Forum Moderators: goodroi
This is of course an educated guess as to how Google's architecture works.
However, Google, Yahoo, and Ask -- and perhaps MSN, have taken to listing some pages as a URL-only listing, or using link text from the page where the link was discovered, for pages that your robots.txt tells them not to fetch. Since the robots standard was written soley with bandwidth-conservation in mind, they're essentially taking advantage of this to "Spider the Deep Web." Some Webmasters think it's OK, some think it's part of the Grand Conspiracy. I think it's just a nuisance.
If you want a page "not mentioned," then allow it to be fetched in robots.txt, and then use the on-page HTML <name="robots" content="noindex"> tag to prevent it being listed.
I should note that while this used to work perfectly, I've had some trouble with Google still listing a few of those pages, and have resorted to periodically using their URL removal tool to de-list those pages.

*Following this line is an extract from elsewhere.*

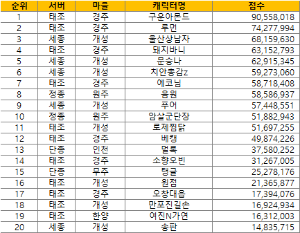 | 【필드보스】 역대 최강자 랭킹 |

Notwithstanding this (hopefully temporary) problem, it's a trade-off depending on what you hope to accomplish -- To reduce bandwidth consumed by spiders, or to keep low-value or non-optimal-landing pages out of the index.
If you're looking for security, then password-protecting the page is the way to go, or using user-agent- *and* IP-address-sensitive redirection or rewriting to keep the 'bots out of certain pages/directories. This latter approach is closely-related to cloaking, so be careful that no-one would interpret it as an attempt to deceive search engines or their users. You've also got to keep a sharp eye out for new spider User-agent names and new IP address ranges.
Jim